Input data:
++++++++++++++++++++

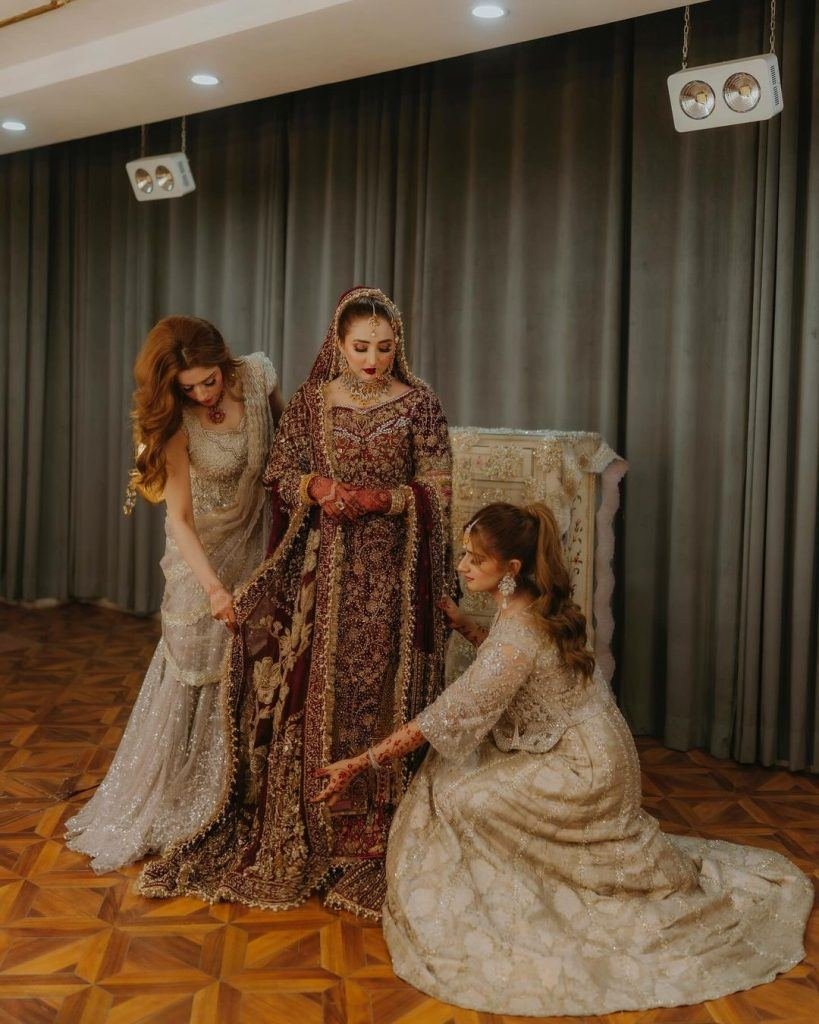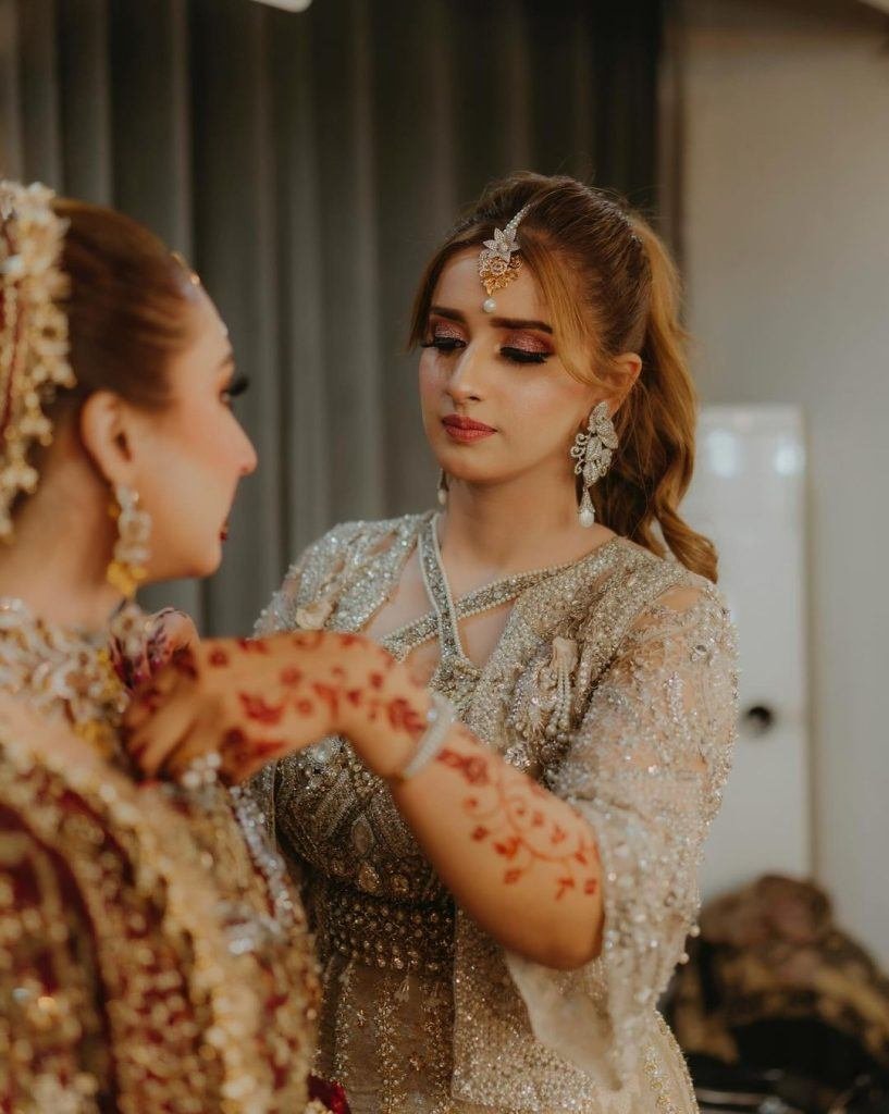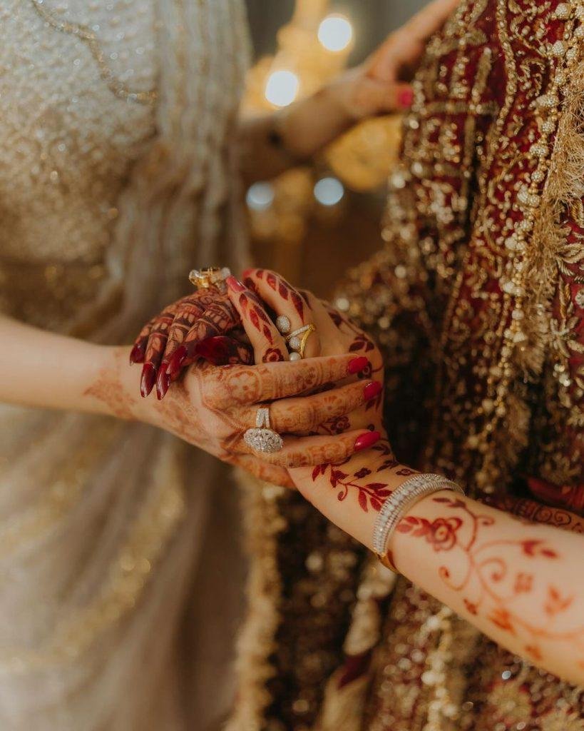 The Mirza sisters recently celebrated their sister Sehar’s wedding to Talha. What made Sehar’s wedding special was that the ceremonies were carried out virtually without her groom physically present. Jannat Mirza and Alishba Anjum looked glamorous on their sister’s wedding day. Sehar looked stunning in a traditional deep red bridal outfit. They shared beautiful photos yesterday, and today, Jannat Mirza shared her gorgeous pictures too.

++++++++++++++++++++

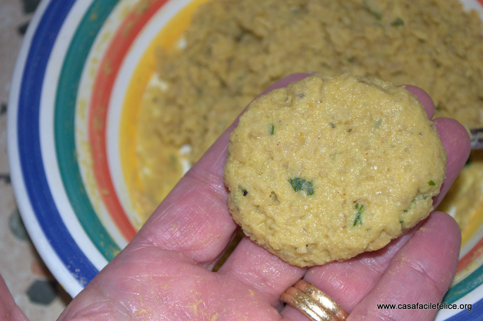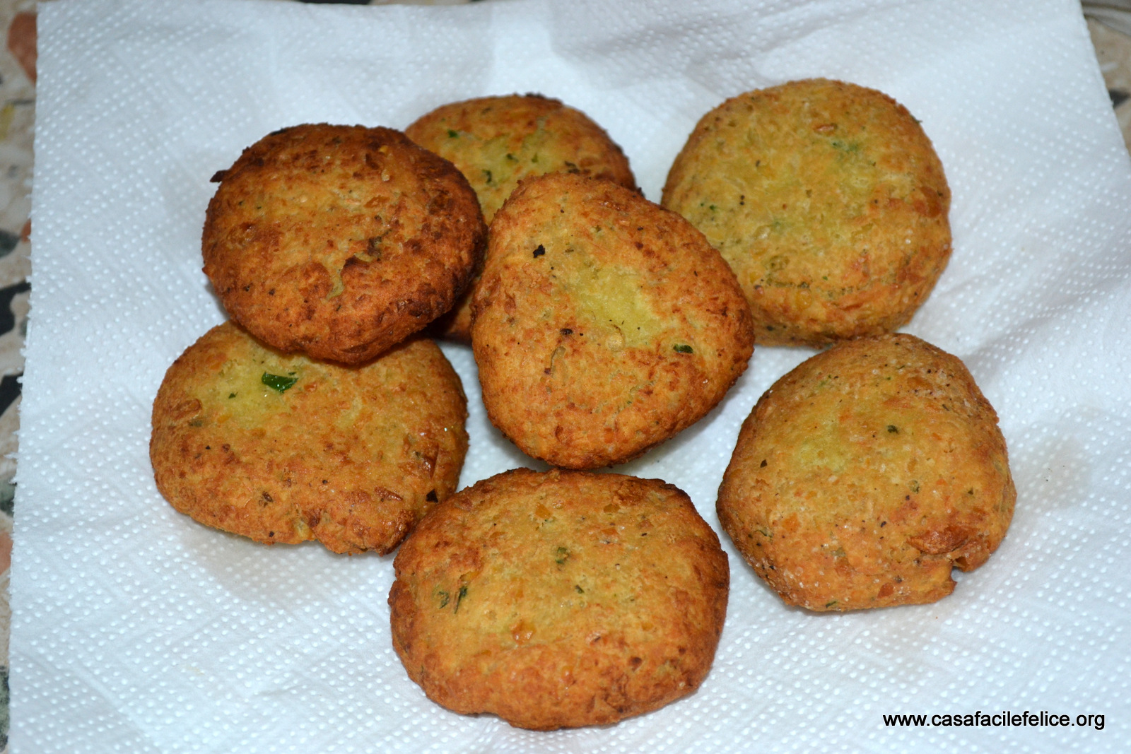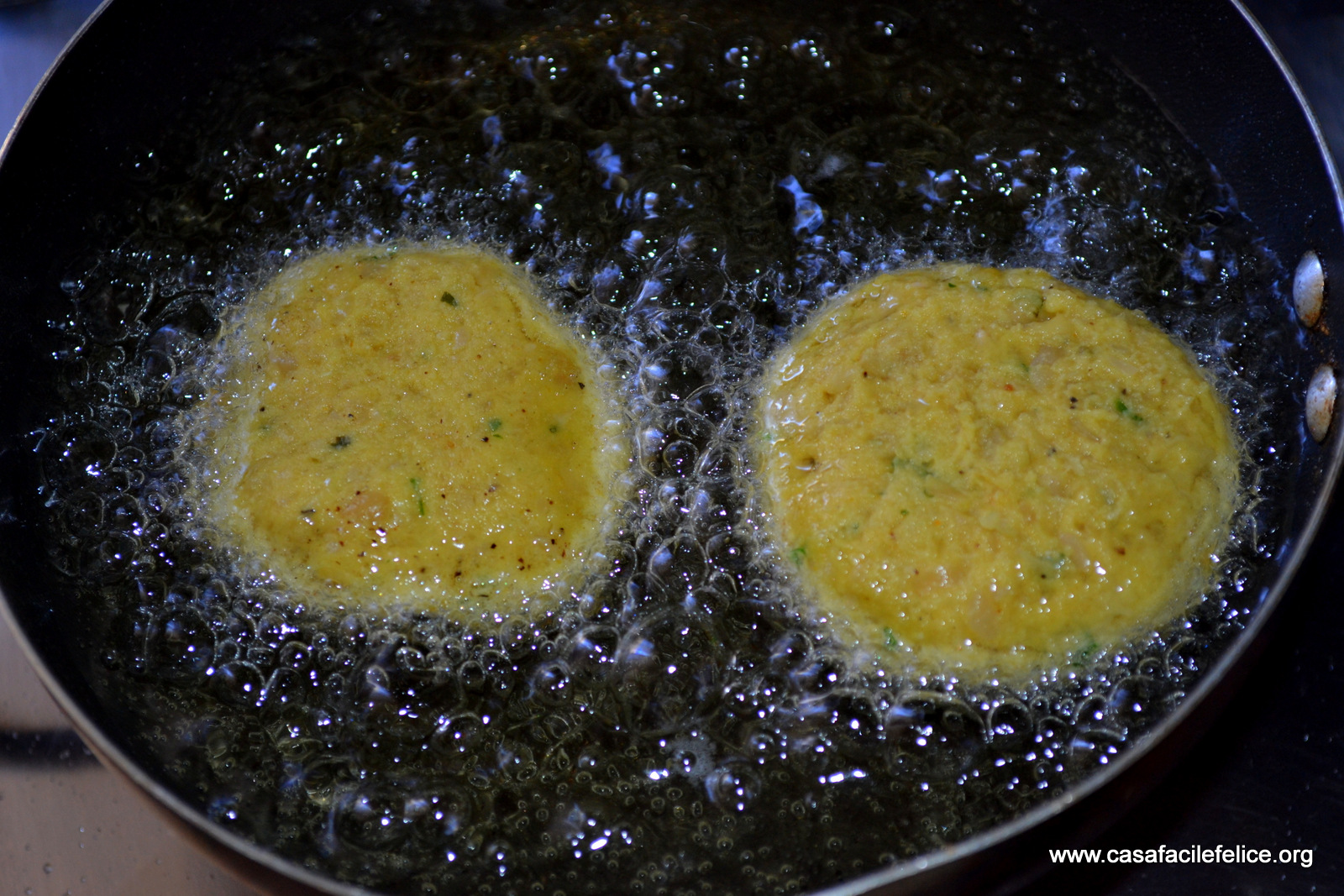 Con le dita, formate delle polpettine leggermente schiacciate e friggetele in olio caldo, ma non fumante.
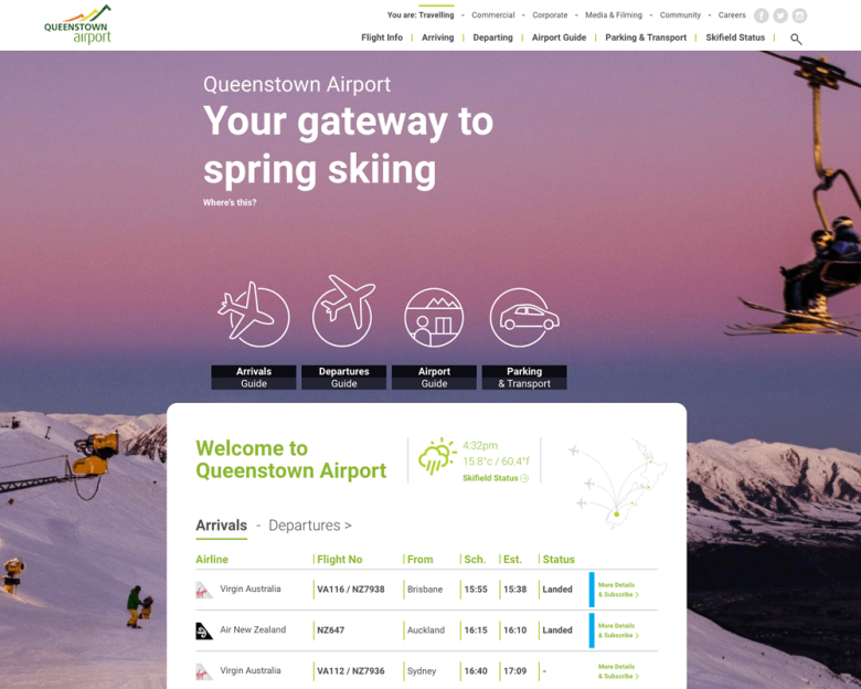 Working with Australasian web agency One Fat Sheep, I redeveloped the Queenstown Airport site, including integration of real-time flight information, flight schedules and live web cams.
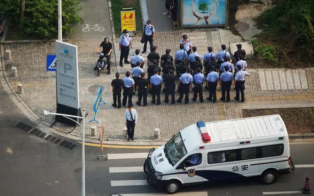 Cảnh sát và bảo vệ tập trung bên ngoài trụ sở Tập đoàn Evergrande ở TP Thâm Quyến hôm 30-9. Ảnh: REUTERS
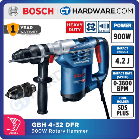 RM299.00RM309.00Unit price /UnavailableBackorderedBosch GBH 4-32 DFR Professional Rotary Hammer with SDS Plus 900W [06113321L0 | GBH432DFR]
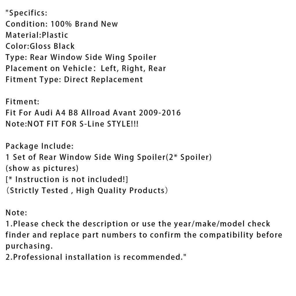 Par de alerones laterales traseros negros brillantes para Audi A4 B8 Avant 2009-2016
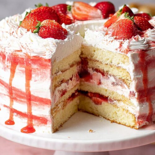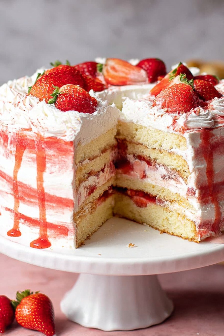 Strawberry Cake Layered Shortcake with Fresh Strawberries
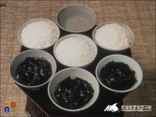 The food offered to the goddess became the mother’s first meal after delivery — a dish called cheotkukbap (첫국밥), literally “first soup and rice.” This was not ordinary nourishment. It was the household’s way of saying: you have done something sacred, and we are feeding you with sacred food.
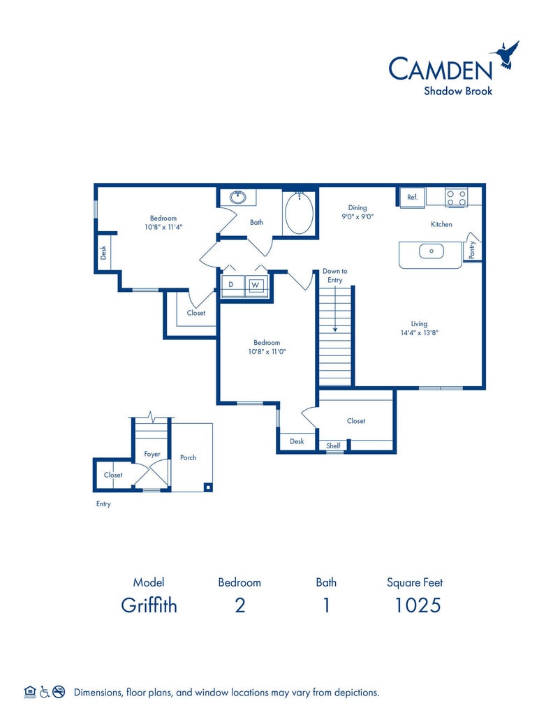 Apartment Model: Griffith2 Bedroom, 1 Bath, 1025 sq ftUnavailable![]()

++++++++++++++++++++

How to complete this task: Starting at the line above that contains "Working with Australasian", transcribe every line exactly through the line that contains "Strawberry Cake Layered", including that last one, and skip the pictures.

Problem solution:
 Working with Australasian web agency One Fat Sheep, I redeveloped the Queenstown Airport site, including integration of real-time flight information, flight schedules and live web cams.
 Cảnh sát và bảo vệ tập trung bên ngoài trụ sở Tập đoàn Evergrande ở TP Thâm Quyến hôm 30-9. Ảnh: REUTERS
 RM299.00RM309.00Unit price /UnavailableBackorderedBosch GBH 4-32 DFR Professional Rotary Hammer with SDS Plus 900W [06113321L0 | GBH432DFR]
 Par de alerones laterales traseros negros brillantes para Audi A4 B8 Avant 2009-2016
 Strawberry Cake Layered Shortcake with Fresh Strawberries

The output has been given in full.